What the task requires :: Span requested from the data below: the line with "Der Pool besteht" through the line with "Body: 2 sections", both included. Give only these lines again, exactly, and leave every picture out.

Recorded information section start

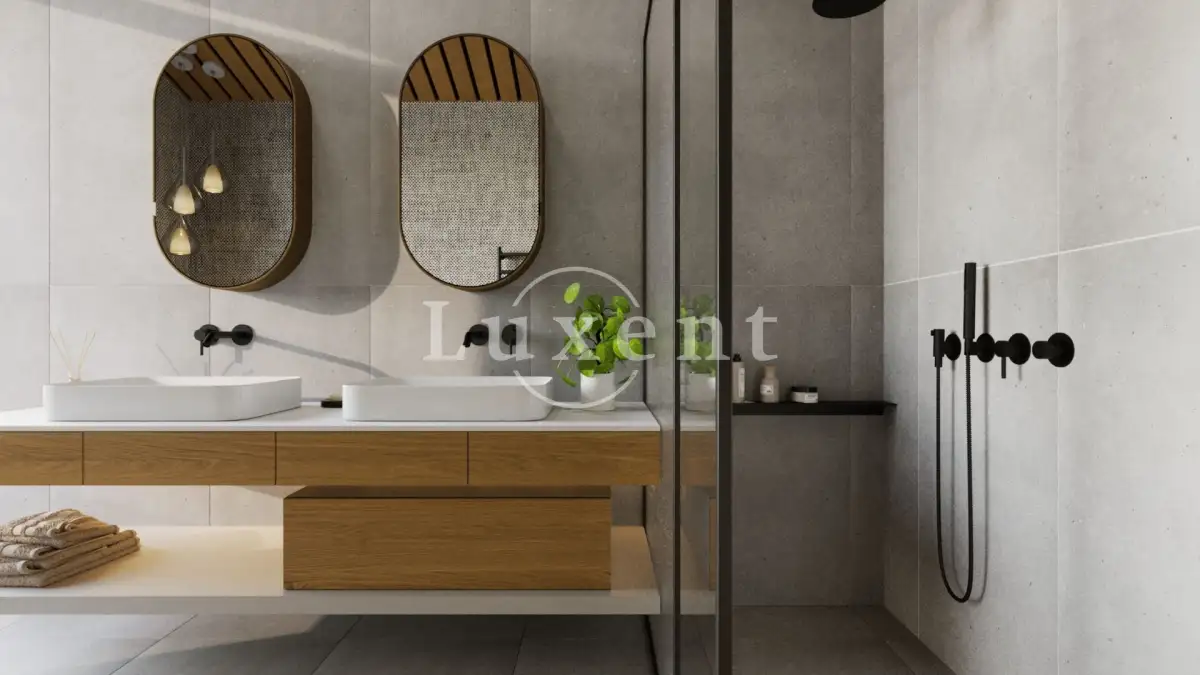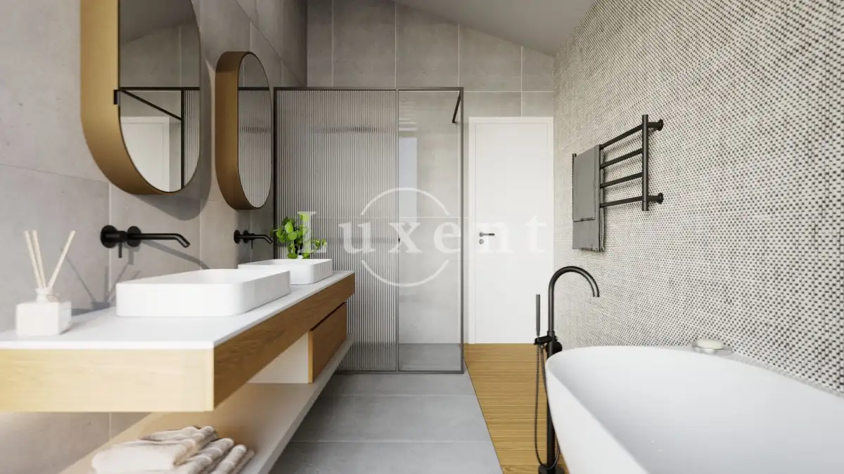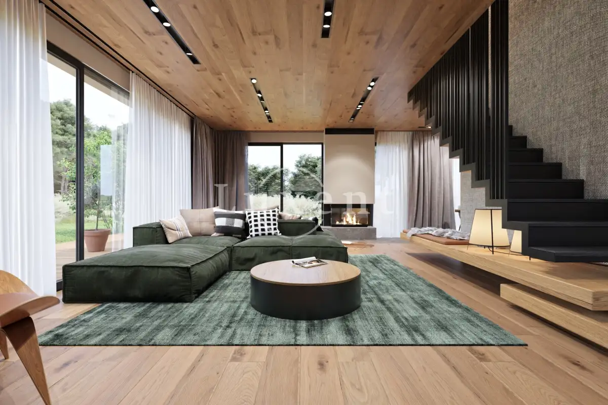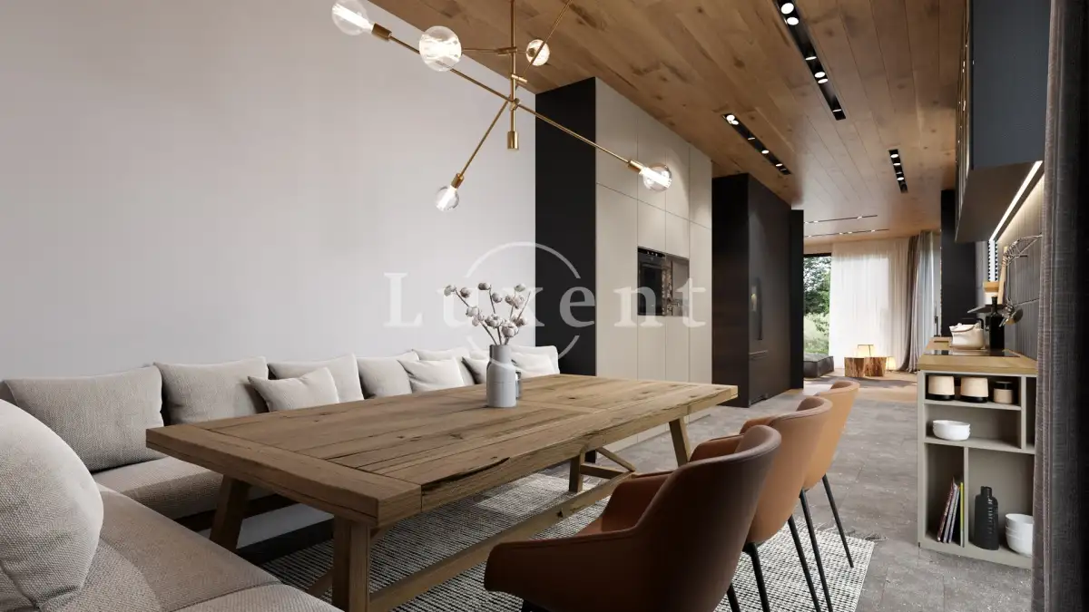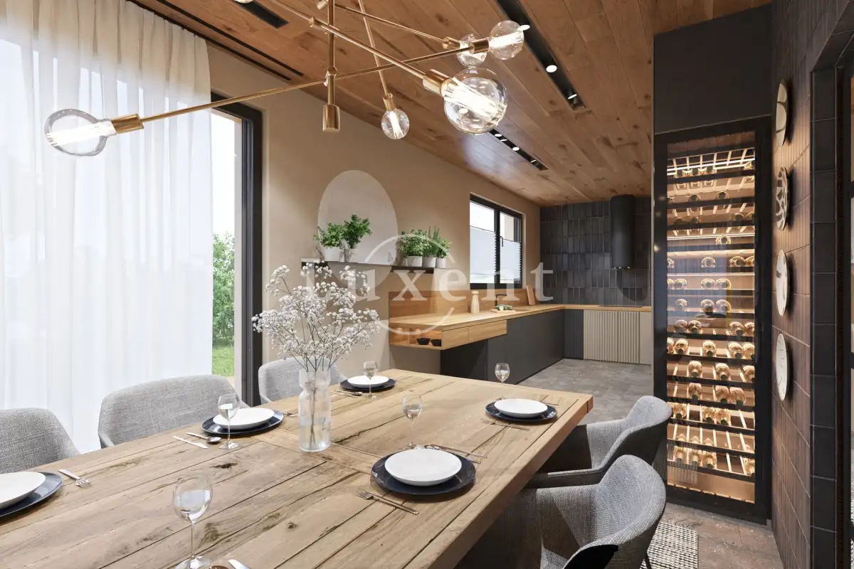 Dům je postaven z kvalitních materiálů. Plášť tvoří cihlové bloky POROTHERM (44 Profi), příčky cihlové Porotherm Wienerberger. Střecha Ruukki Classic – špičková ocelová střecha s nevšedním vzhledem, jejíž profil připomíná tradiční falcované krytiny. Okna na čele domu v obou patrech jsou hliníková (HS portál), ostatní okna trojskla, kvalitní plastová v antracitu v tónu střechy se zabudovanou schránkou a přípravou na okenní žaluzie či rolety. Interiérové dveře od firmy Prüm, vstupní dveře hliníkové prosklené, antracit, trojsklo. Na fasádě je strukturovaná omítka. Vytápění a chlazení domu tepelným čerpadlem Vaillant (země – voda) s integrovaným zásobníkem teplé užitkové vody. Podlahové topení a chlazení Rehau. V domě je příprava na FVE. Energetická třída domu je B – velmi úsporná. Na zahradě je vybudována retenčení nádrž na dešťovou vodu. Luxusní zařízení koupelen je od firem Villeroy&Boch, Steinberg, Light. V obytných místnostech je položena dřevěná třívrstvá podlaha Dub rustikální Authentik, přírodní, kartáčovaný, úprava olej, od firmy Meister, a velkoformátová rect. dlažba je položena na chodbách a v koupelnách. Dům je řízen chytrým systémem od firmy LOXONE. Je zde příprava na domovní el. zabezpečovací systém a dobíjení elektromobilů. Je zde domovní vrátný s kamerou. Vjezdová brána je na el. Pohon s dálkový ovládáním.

Recorded information section end
Recorded information section start

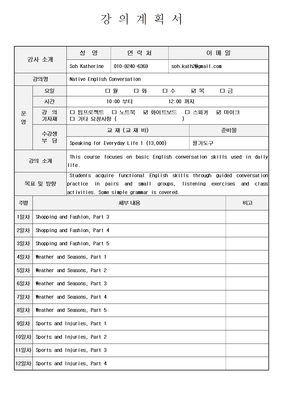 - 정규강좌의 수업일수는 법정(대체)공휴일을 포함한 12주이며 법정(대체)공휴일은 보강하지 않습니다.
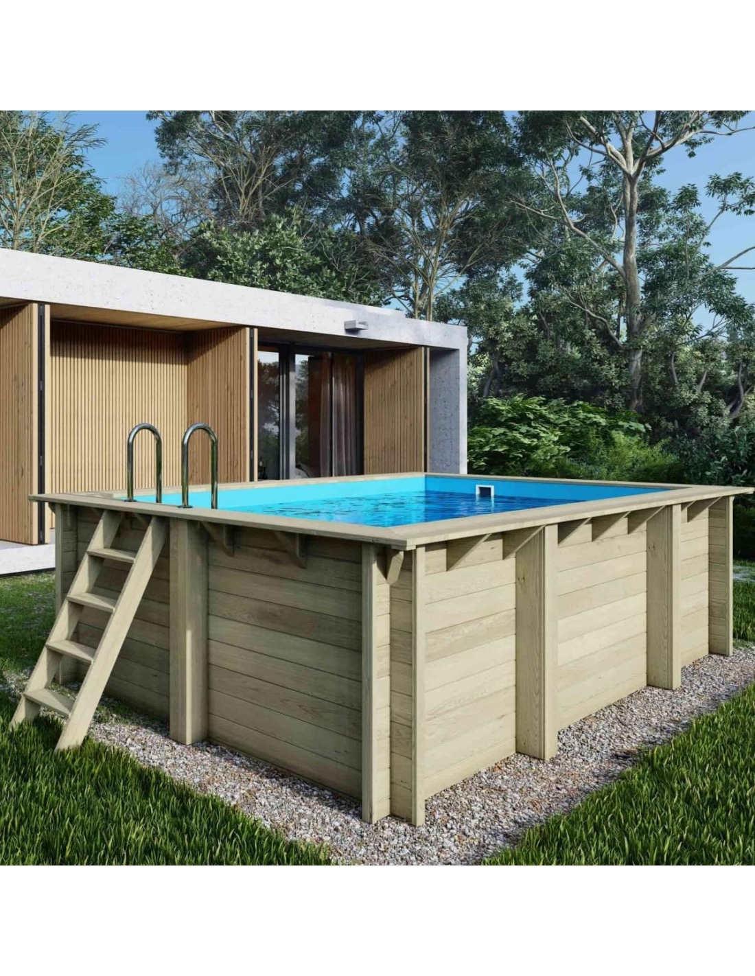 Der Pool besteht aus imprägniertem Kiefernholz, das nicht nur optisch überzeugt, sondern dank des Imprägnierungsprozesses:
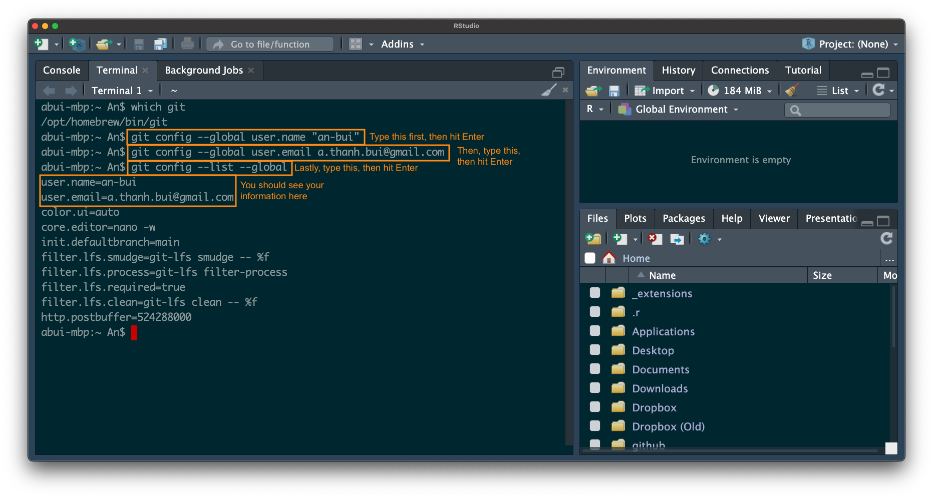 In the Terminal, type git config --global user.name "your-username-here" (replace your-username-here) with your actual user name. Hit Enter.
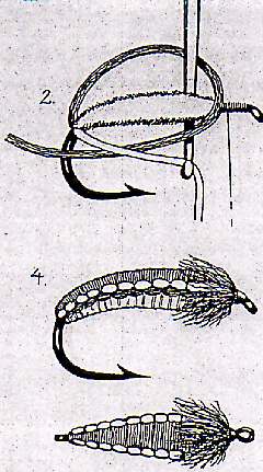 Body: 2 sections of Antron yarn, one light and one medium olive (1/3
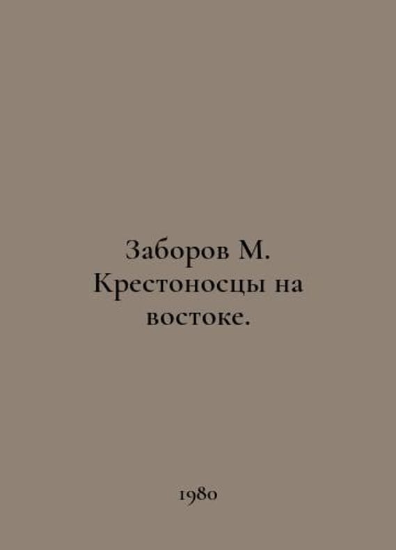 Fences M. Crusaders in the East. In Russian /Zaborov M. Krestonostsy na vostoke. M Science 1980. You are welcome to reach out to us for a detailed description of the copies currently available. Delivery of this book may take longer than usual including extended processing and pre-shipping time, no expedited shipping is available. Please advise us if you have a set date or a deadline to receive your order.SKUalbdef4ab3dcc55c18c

Recorded information section end

Expected output ::
 Der Pool besteht aus imprägniertem Kiefernholz, das nicht nur optisch überzeugt, sondern dank des Imprägnierungsprozesses:
 In the Terminal, type git config --global user.name "your-username-here" (replace your-username-here) with your actual user name. Hit Enter.
 Body: 2 sections of Antron yarn, one light and one medium olive (1/3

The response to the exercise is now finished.